START Input
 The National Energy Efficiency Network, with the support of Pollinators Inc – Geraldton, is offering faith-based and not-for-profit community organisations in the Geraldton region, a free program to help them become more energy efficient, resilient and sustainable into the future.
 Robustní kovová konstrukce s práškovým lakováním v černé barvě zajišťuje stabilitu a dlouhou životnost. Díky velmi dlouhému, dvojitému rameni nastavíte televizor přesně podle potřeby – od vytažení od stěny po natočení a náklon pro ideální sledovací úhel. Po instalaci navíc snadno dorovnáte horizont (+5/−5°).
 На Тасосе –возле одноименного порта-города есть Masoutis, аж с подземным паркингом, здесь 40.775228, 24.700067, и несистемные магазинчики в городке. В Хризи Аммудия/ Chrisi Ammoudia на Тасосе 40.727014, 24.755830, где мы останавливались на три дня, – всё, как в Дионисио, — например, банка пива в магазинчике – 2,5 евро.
END Input
START Input
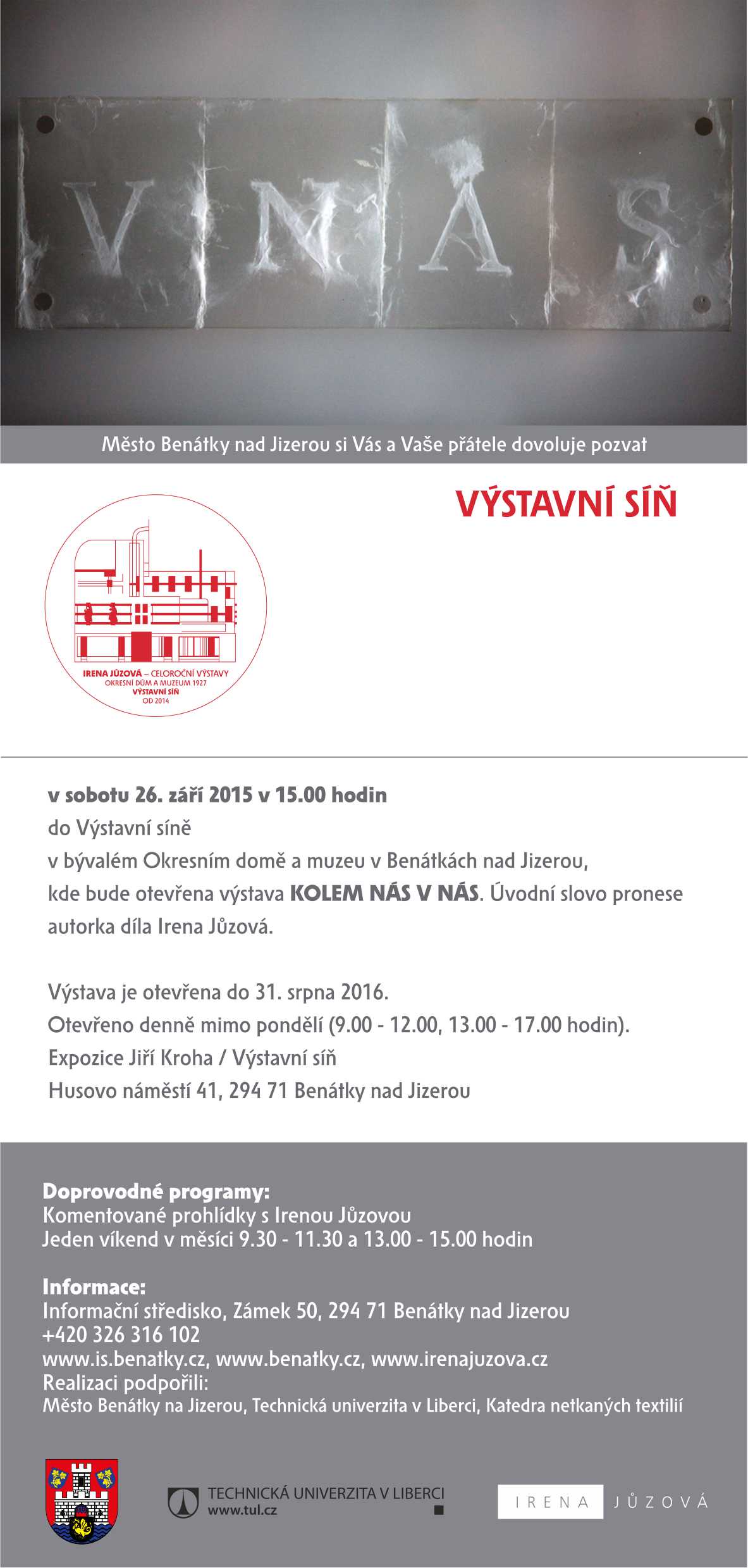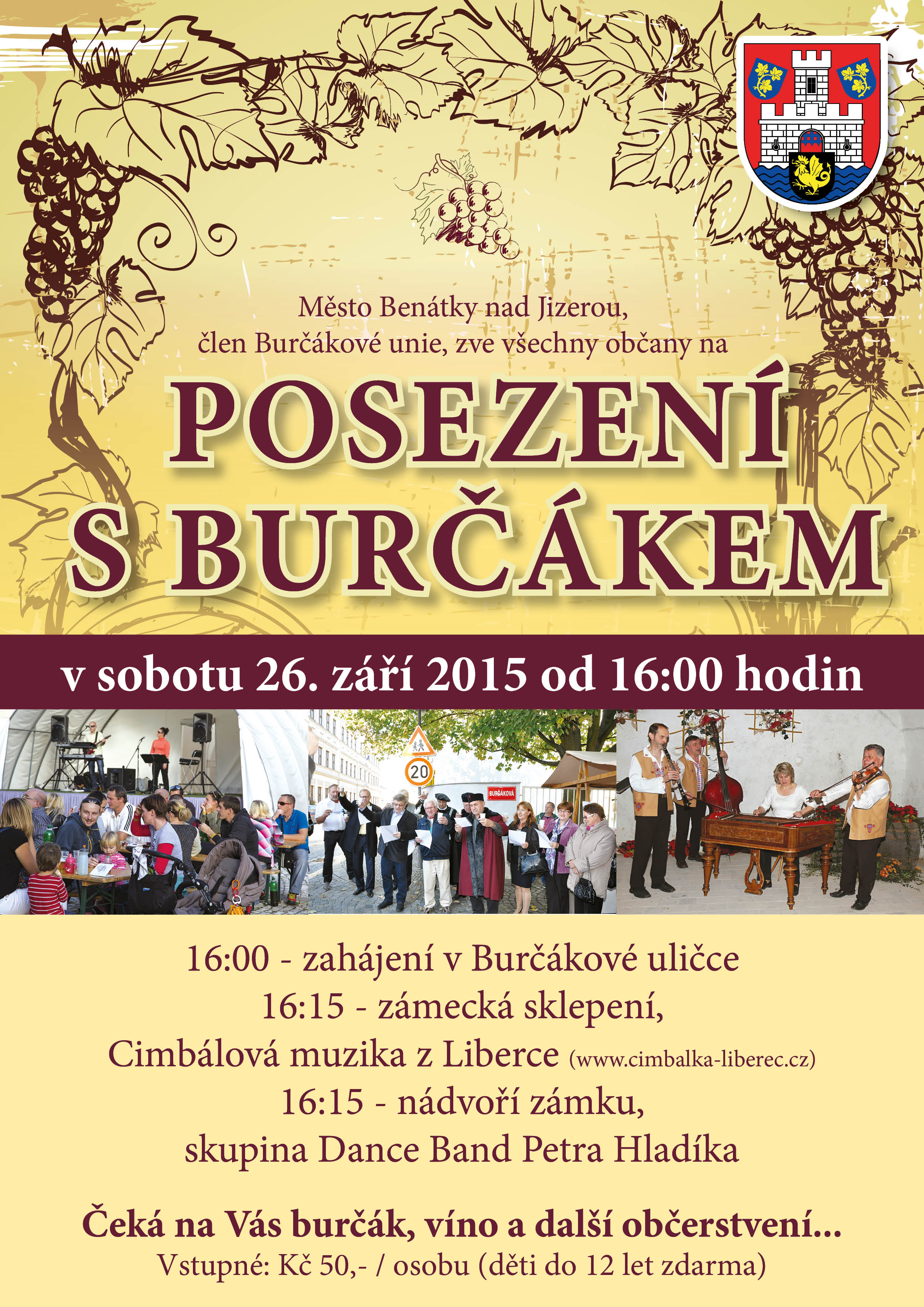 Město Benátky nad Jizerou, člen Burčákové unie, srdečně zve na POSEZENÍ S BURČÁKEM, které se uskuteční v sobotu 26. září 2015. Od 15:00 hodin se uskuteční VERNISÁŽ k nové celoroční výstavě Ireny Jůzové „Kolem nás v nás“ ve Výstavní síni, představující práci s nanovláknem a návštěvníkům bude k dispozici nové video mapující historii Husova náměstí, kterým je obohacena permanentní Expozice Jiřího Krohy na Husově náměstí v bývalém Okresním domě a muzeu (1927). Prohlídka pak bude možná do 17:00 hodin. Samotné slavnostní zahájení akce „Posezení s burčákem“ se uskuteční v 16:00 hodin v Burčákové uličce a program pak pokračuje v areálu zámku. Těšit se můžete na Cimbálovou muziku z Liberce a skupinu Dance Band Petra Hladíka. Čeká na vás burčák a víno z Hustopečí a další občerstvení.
END Input
(Exercise aim):
From the records above, give again exactly the lines running from the line with "The National Energy" to the line with "На Тасосе –возле", inclusive.

(Solution for this exercise):
 The National Energy Efficiency Network, with the support of Pollinators Inc – Geraldton, is offering faith-based and not-for-profit community organisations in the Geraldton region, a free program to help them become more energy efficient, resilient and sustainable into the future.
 Robustní kovová konstrukce s práškovým lakováním v černé barvě zajišťuje stabilitu a dlouhou životnost. Díky velmi dlouhému, dvojitému rameni nastavíte televizor přesně podle potřeby – od vytažení od stěny po natočení a náklon pro ideální sledovací úhel. Po instalaci navíc snadno dorovnáte horizont (+5/−5°).
 На Тасосе –возле одноименного порта-города есть Masoutis, аж с подземным паркингом, здесь 40.775228, 24.700067, и несистемные магазинчики в городке. В Хризи Аммудия/ Chrisi Ammoudia на Тасосе 40.727014, 24.755830, где мы останавливались на три дня, – всё, как в Дионисио, — например, банка пива в магазинчике – 2,5 евро.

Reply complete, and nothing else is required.